The economist Thomas Piketty, who along with Emmanuel Saez has done great work on the concentration of income, has written his magnum opus, Capital(pdf).  The title is an obvious reference to Marx’s Kapital, and the book is a huge survey of 200 years of economic history, specifically relating to what Piketty calls Capital.  It is here, as Galbraith points out in his excellent review, where Piketty starts moving away from Marx: for Piketty, capital is just anything that is valued in money: capital is wealth, whereas for Marx it is whatever allows Capitalists to control the means of production, and thus workers.

Piketty’s argument is that:

1) If national income grows slower than capital (wealth, really), then capital tends to concentrate.  If income grow faster than wealth, then capital tends to disperse.

2) Capital grows faster the more of it you have: so if you have a hundred thousand, you get more returns than someone with ten thousand.  A million gets less than a billion, and so on.  This contradicts orthodox economics, with its claim of diminishing returns, but it is a common sense observation of how the world actually works today, and Marx noted the concentration of money and capital in his time.

3) The long term growth rate for wages over the last 200 years has been about 2 to 2.5% (tech increase of a bit over 1%+ population increase).  The long term growth rate for capital (money/wealth), has been 4 to 5%.  There have been periods and places where this is not true, but it is generally true.

4) Wealth is wiped out by war, financial collapse and depression, or it is controlled by confiscatory taxation and inflation.  The good period after the war is thus created by the wars and depression, and the policies that followed from them.

5) The Industrial Revolution created a period where income grew faster than wealth.  That period was extended by the cataclysms of the early 20th century.  But the gains from the Industrial Revolution are mostly gone: once every part of the World has gone through it (China, India, Africa), that’s it—you return to an era where wealth grows faster than income and inequality is thus permanently high.

This is an important book: it marshals a lot of data, and puts it together in a coherent model.
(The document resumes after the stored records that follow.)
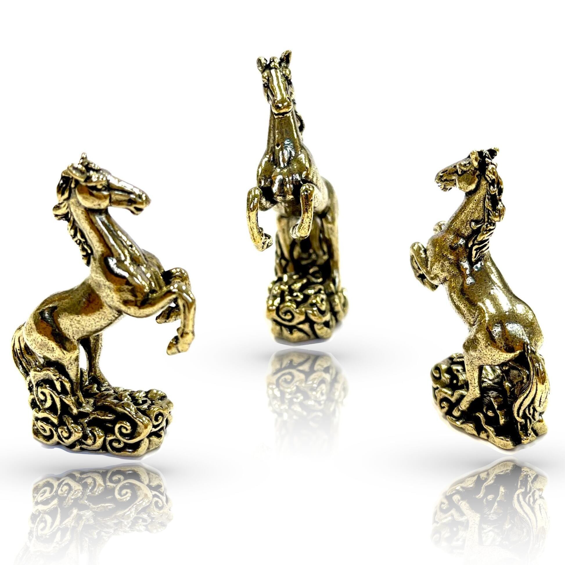 「開運 お守り」は、黄金の勝利馬をモチーフにした魅力的な置物です。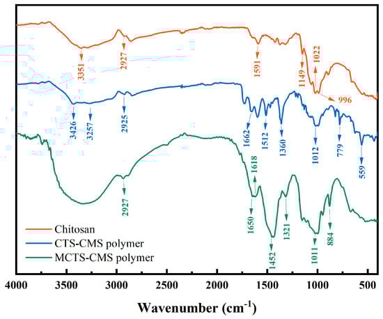 Figure 4 shows the FTIR spectra of the chitosan, CTS-CMS polymer, and MCTS-CMS polymer.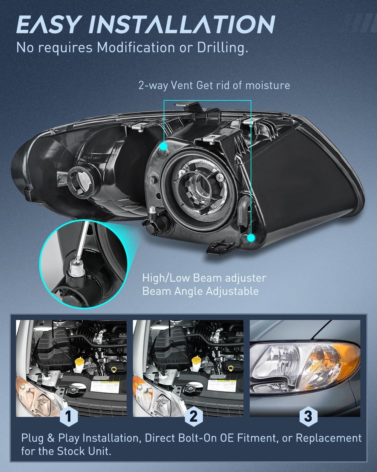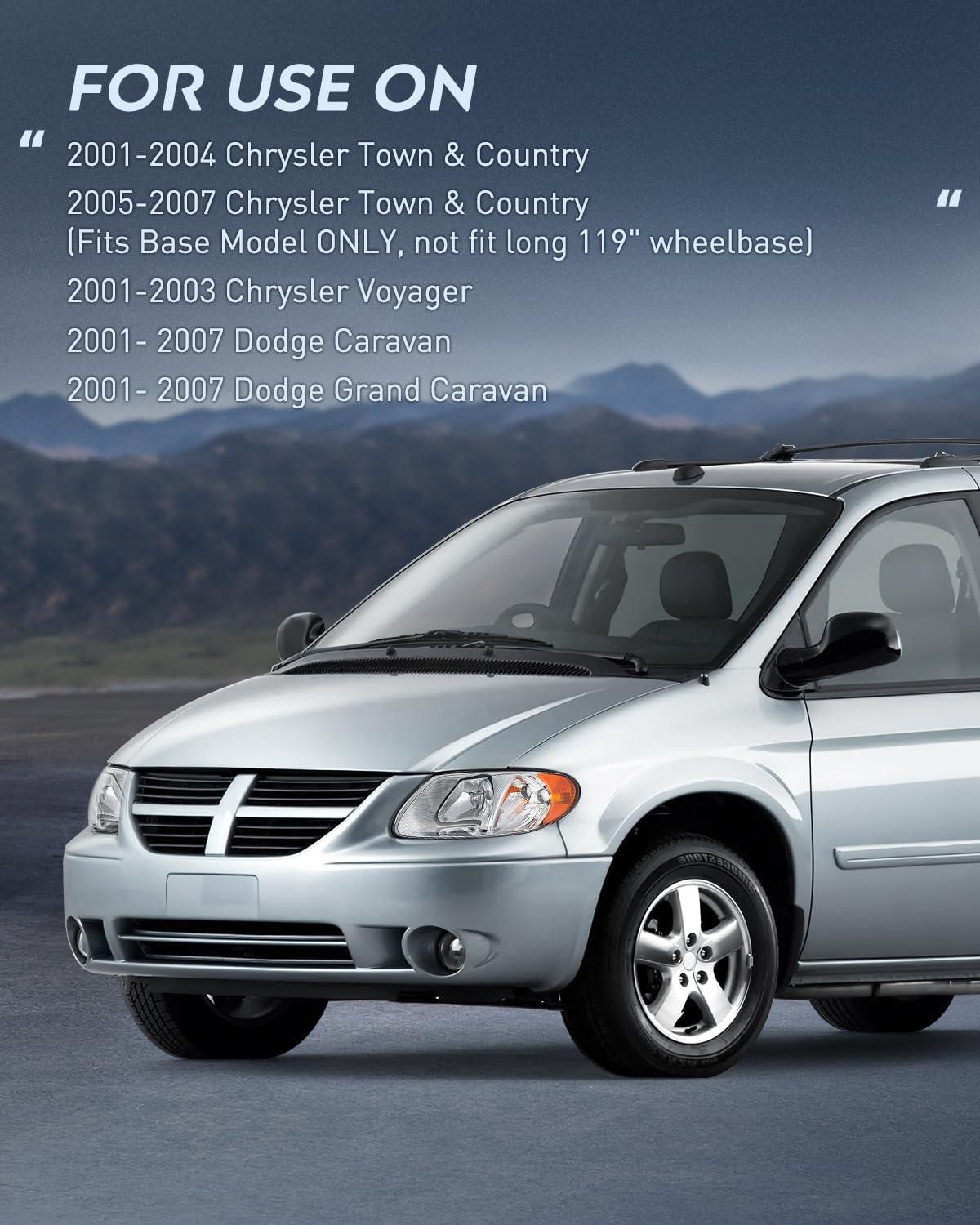 DOT Compliance and safe Driving: To ensure driving safety for you and the oncoming driving circumstance, our 2001 2002 2003 2004 Chrysler Town & Country 2005 2006 2007 Chrysler Town & Country (Fits Base Model ONLY, not fit long 119″ wheelbase) 2001 2002 2003 Chrysler Voyager 2001 2002 2003 2004 2005 2006 2007 Dodge Caravan 2001 2002 2003 2004 2005 2006 2007 Dodge Grand Caravan headlights are DOT & SAE compliant. Our headlights provides clearer and further vision to see the wild animals, falling rocks or other obstacles at night. Reduce the possibility of danger.

But the model is not as new as it might seem. Piketty spends a lot of time distancing himself from Marx, and well he should, because this argument, even with a different model of what Capital is than Marx used, isn’t that much different from Marx’s view on the concentration of Capital, nor is his view of post – WWII history particularly different from a fairly orthodox reading of it: the financial collapse, depression, and two World Wars destroyed the wealth and thus power of the rich, and made it possible to put in place policies which were hostile to their interests and which made it so that more of national income was distributed to ordinary people.

Low inflation is bad for ordinary people (who tend to borrow) and good for the wealthy (who tend to lend).  Policies since 1979 have favored crushing inflation.  This has increased the power of the rich.

High marginal taxation is good for ordinary people (they don’t pay the taxes, they get the benefit of the money, and the rich are kept weak).

There is no fundamental analysis of the mode of production or the mode of violence, either, and without those you cannot determine how much power various groups have to take a share of the national income.  How many people are needed for production?  How many people are needed for violence?

Piketty’s book is important primarily because it proves the obvious, and this is the age of the obvious.  You must prove, beyond a reasonable doubt, what any educated individual already should know because there is a lot of money in obfuscating the obvious. It pays very well to be a conservative ideologue spouting off about economic freedom, because very rich people want the government to make them rich, bail them out, and not tax them.

Political decisions are important: in 1929 Hoover, the Fed, and later FDR did not bail out the rich.  They were allowed to lose their money, and thus much of their power.  That was a decision: another decision could have been made, and in 2008 it was made: the rich were bailed out.  It was made differently in 2008 because the rich have spent the last 80 odd years obsessing over what went wrong in 1929 that allowed FDR, the New Deal and everything which flowed from it. Ben Bernanke’s entire career was “how do we make sure the rich don’t lose their money so that FDR doesn’t happen.”  He was chosen to be the Fed Chairman precisely to ensure that the next Great Crash, which everyone who wasn’t an idiot knew was coming, wouldn’t wipe out the rich.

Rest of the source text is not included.